• Provided data
|---|
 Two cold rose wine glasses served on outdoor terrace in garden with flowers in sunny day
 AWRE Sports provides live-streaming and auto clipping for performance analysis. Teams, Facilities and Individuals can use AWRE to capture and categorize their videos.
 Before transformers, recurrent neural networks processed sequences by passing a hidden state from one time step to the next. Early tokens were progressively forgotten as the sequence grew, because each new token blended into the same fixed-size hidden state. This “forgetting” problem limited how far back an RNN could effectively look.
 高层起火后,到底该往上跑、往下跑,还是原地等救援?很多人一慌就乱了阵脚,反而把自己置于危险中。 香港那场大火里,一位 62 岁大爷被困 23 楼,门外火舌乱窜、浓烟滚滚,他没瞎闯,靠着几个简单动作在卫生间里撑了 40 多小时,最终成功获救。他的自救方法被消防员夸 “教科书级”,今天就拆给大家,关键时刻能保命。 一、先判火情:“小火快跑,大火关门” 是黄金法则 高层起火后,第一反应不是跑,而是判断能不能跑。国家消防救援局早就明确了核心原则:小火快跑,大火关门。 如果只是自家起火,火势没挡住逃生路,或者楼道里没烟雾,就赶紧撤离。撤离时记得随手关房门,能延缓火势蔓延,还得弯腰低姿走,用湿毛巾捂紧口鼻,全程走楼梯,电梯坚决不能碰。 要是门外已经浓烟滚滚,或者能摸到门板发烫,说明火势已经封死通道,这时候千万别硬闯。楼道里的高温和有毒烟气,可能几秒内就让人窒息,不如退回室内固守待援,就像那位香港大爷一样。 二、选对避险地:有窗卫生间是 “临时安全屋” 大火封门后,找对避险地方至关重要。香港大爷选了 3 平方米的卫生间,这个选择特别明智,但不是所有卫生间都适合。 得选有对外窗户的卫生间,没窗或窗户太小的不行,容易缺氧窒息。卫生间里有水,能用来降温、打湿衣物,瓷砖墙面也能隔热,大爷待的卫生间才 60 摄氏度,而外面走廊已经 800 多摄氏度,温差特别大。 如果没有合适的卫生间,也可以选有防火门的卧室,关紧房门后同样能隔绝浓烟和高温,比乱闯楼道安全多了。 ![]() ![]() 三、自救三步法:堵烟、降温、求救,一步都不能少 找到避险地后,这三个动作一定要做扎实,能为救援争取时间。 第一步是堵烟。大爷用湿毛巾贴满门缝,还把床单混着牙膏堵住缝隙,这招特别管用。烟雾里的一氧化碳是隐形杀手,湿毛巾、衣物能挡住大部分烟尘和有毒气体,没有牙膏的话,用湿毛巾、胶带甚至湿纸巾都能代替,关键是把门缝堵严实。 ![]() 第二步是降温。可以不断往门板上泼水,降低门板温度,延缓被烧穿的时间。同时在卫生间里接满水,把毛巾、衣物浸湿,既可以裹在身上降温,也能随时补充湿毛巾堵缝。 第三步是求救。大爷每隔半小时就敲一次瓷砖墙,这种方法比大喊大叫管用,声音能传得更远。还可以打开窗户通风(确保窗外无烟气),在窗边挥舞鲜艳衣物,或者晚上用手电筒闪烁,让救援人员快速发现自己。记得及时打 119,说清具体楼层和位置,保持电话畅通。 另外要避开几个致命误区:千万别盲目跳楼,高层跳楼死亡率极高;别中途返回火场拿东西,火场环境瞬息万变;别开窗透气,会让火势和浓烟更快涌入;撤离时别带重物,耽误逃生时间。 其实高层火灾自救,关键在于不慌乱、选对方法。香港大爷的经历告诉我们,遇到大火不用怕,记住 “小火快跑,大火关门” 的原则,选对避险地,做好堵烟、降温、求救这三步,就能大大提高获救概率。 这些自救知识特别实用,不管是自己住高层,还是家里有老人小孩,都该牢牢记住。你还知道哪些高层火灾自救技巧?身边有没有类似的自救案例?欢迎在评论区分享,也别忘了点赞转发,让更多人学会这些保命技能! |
|---|
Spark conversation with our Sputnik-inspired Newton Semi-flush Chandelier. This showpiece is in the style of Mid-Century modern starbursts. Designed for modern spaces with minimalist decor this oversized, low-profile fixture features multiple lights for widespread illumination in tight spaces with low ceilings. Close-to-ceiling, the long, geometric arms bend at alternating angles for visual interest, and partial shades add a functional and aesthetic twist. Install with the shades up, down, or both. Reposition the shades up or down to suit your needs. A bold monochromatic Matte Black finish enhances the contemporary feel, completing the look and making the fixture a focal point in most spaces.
|---|
• Problem to work on
The lines to extract from the data above begin with the line containing "Two cold rose" and end with the line containing "AWRE Sports provides". Extract them exactly, including both.

• Exercise answer
 Two cold rose wine glasses served on outdoor terrace in garden with flowers in sunny day
 AWRE Sports provides live-streaming and auto clipping for performance analysis. Teams, Facilities and Individuals can use AWRE to capture and categorize their videos.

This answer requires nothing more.